To get a better feel for this interpretation of COMs/SOMs, check out the Apalis Arm family CoMs and Colibri Arm family SoMs from Toradex. Also, check out my column COM-HPC Defines Server-Level Capabilities for Edge Computing.

An alternative interpretation is for the SOM to be no bigger than a large IC. A classic example of this interpretation is the SAMA5D27 SOM from Microchip Technology.

Let’s start with the SAMA5D27 SiP, which features a 32-bit ARM Cortex-A5 MCU combined with 128Mb, 512Mb, or 1Gb of DDR2 memory. This SiP can be used as a standalone device, or it can be incorporated into a larger assembly such as the SAMA5D27 SOM.

In addition to the SAMA5D27 SiP, the SAMA5D27 SOM also contains a 64Mb QSPI Flash device, a 2Kb EEPROM chip (with a pre-programmed MAC address), a 10/100 Ethernet PHY with clock, a high-performance power management IC (the MIC2800), and 103 Input/Outputs (I/Os). The result of using the SAMA5D27 SOM is to shrink the PCB size and number of layers, minimize design risk, and dramatically reduce product development time.

 

In Conclusion

Phew! I don’t know about you, but my mind is truly boggled. Things used to be so much simpler in the late 1970s when all we had to worry about were the dual in-line (DIL) packages associated with 7400-series devices from Texas Instruments.
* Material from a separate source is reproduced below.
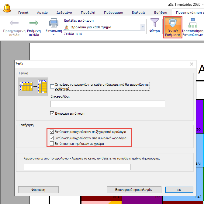 Στο μενού Γενικά/Προεπισκόπηση Εκτυπώσεων/Γενικές Ρυθμίσεις, μπορείτε να κάνετε κλικ στην επιλογή “Εκτύπωση υποχρεώσεων σε ξεχωριστά ωρολόγια” και “Εκτύπωση υποχρεώσεων στα συνολικά ωρολόγια” ανάλογα τις ανάγκες σας.

Of course, if we were to try to implement something like a smartphone using the technologies of yesteryear, it would be the size of a tractor-trailer truck. The combination of today’s ASIC/ASSP/SoC technologies with SiP, PiP, PoP, MCM, CoM, and SoM packaging/deployment techniques make the high-density, high-performance systems we know and love possible.

How about you? Do you have any comments, questions, or suggestions pertaining to any of the topics we’ve discussed here?